William Jefferies

Personal information
- Born: 1777 Nottingham
- Died: unknown
- Role: Batsman

Domestic team information
- 1800–1818: Nottingham Cricket Club

= William Jefferies =

English cricketer (1777–?)

William Jefferies (christened 1 July 1777 in Nottingham; date of death unknown) was an English professional cricketer. He was a batsman, but it is not known if he was right- or left-handed. References to him have been found from 1800 to 1818, playing in historically important matches for Nottingham Cricket Club. (Note: Any match listed in the ACS' Important Match Guide (1981) is historically important, and therefore of the highest standard, whether or not a scorecard might exist. The same applies to numerous matches discovered by researchers since 1981. For further information, see First-class cricket.) (Note: Scorecard data till at least 1825 was never comprehensive, especially the dismissal information: bowling analyses lacked balls bowled and runs conceded; bowlers were not credited with wickets when the batsman was caught or stumped; in many matches, the means of dismissal were omitted.)

==Career==
===1800 season===
Jefferies is first recorded in Nottingham's match against Leicester on 25 August 1800. The match was at an unspecified venue in Leicester, and Nottingham won by an innings and 38 runs after dismissing Leicester for totals of 15 and 8. Nottingham were all out for 61 in their innings. Jefferies was number 9 in the batting order, and was run out for 3. He did not take any wickets or catches. Arthur Haygarth commented that Leicester's match total of 23 was the lowest in his experience.

Five weeks later, on 29 September, Jefferies played against Sheffield at Mansfield. He batted at number 10 and scored 1 run in each innings. Nottingham scored 67 and 102, against 24 and 22, by Sheffield to win by 123 runs. Haygarth says this was the first recorded match between Nottingham and Sheffield, but later research has discovered that they played each other as early as 1771. Both of the 1800 matches are included in the ACS' 'Important Matches' guide.

===1801–1803===
Jefferies is recorded in one minor match for Nottingham in 1801. Scores & Biographies has no record of him in 1802.

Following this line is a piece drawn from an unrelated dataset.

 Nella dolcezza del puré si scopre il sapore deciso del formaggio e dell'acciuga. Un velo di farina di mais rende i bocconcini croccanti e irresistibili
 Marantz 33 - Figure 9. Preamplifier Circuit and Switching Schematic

In 1803, he played at Lord's for a combined Nottinghamshire & Leicestershire (N&L) team against Hampshire. N&L, with Lord Frederick Beauclerk as a guest player, were all out for 116; Hampshire replied with 253, a first innings lead of 137. N&L were then dismissed for 117, so Hampshire won by an innings and 20 runs. But for Beauclerk, who scored 34 and 74, the defeat would have been much worse. Jefferies batted at number 8, scoring 4 and 2. This match is also in the ACS guide.

==1814–1818==
There is no further mention of Jefferies until 1814 when he played for Nottingham against Rutlandshire at Burley Park on 20 September. Rutlandshire batted first and were all out for 35. Jefferies completed one catch to take the ninth wicket. Nottingham scored 228 in reply and Jefferies, batting at number 8, top-scored with 67. The number 10 batsman, William Leeson, scored 65. Rutlandshire were all out for 30 in their second innings so Nottingham won by an innings and 163 runs. Cricket had been seriously disrupted by the Napoleonic Wars. Only a year earlier, when reporting on a match for the first time in three years, the Nottingham Review had commented that the sport was thought to have "fallen into disuse, if not disgrace".

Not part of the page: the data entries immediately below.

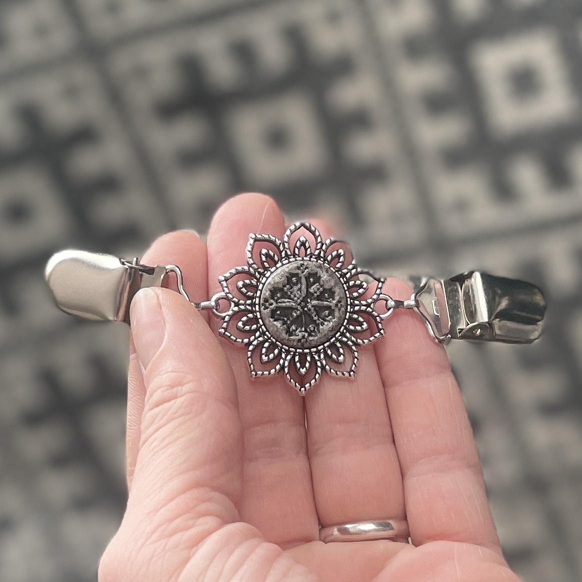 Hõlmahoidik hall KIHNU ROOS. Sobib nööbita kampsunile, jakile või tõmmata kleit taljesse.
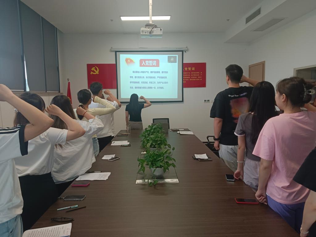 最后,全体党员面对党旗,重温入党誓词,进一步增强了党员的使命感和思想政治觉悟。
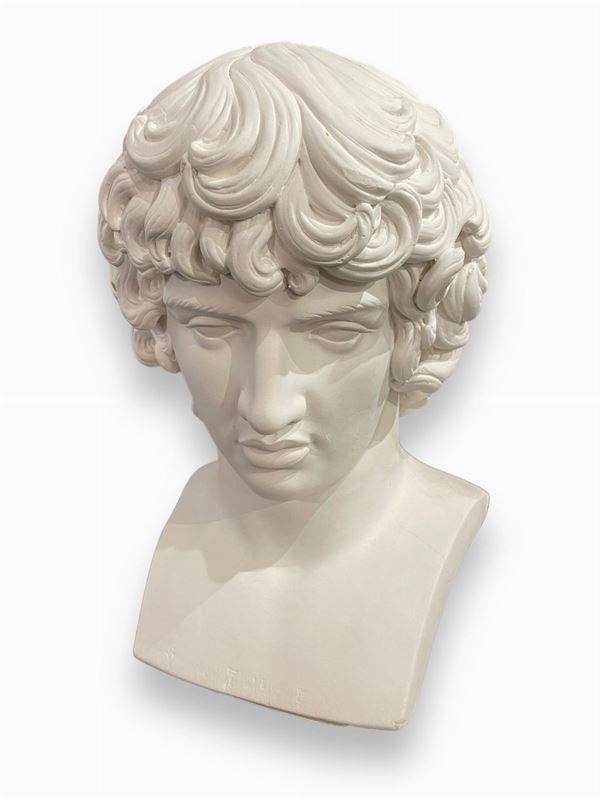 scultura raffigurante testa di Antinoo di Delfi in gesso.
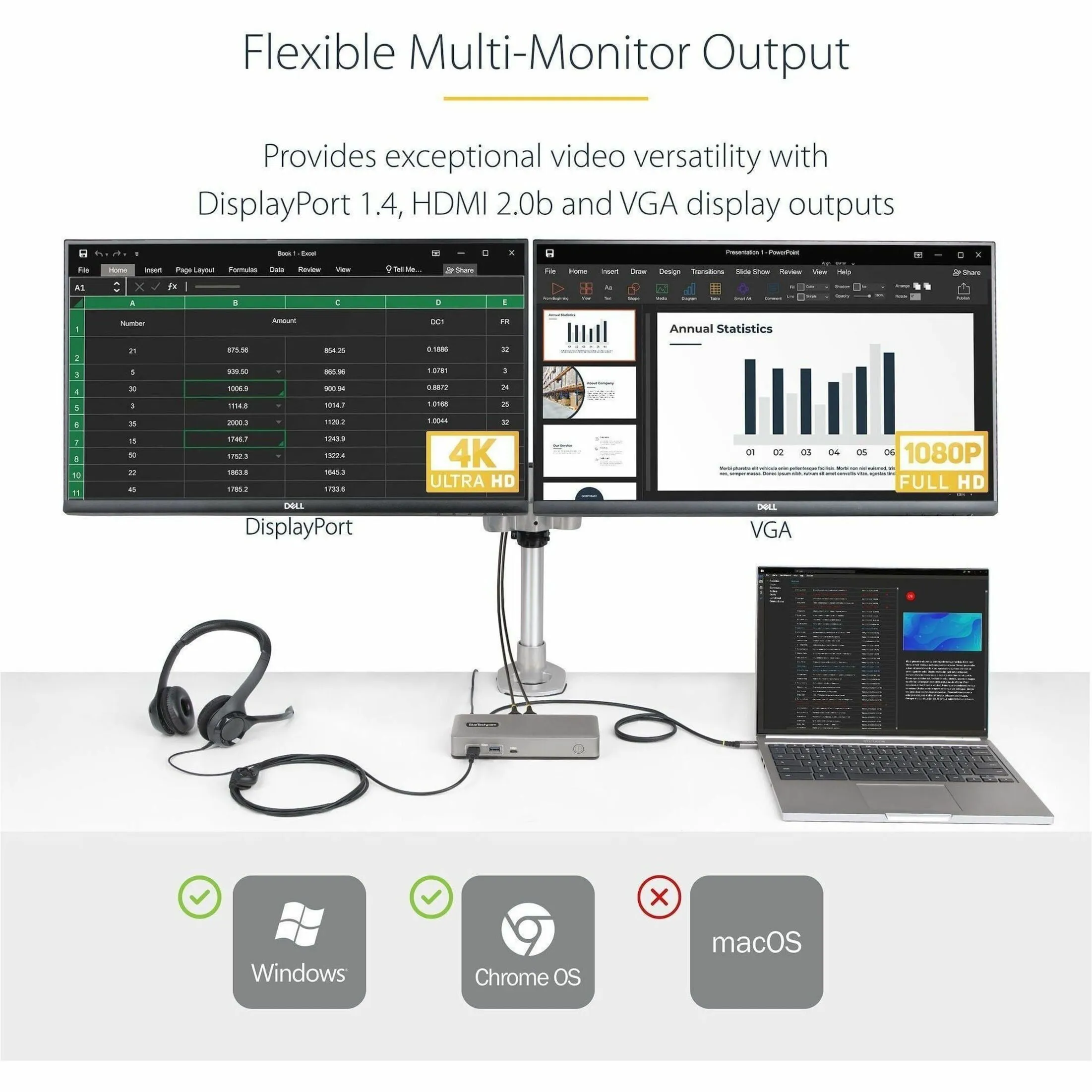 DUAL-MONITOR USB-C DOCKING STATION, DISPLAYPORT & HDMI OR VGA, MULTI MONITOR DOC

Jefferies is mentioned once in 1815 when he played in a minor match on 4 October against a village team who were allowed sixteen players. Nottingham still won by 4 wickets. Jefferies made two low scores and held one catch. Nottingham travelled to Knavesmire in July 1816 for a 12-a-side match against the Ripon club. The team included R. Jefferies, who scored 41 in his only innings—it is not known if this player was related to William Jefferies. Nottingham won by an innings and 108 runs.

In June 1817, Nottingham entertained an England XI on the Forest Ground. The visitors had a very strong team including Beauclerk, Billy Beldham, E. H. Budd, Thomas Howard, William Lambert, and George Osbaldeston. Nottingham were allowed 22 players in the most extreme form of "odds match". Both of the Jefferies played. William Jefferies scored 2 and 5; he also took a catch to dismiss Budd for only 4. The Nottingham XXII won by 30 runs, but the match became the cause of a major scandal. It was later alleged that both sides had agreed with gambling interests to fix the result. Beauclerk used this as an excuse to have his enemies Lambert and Osbaldeston banned from playing at Lord's.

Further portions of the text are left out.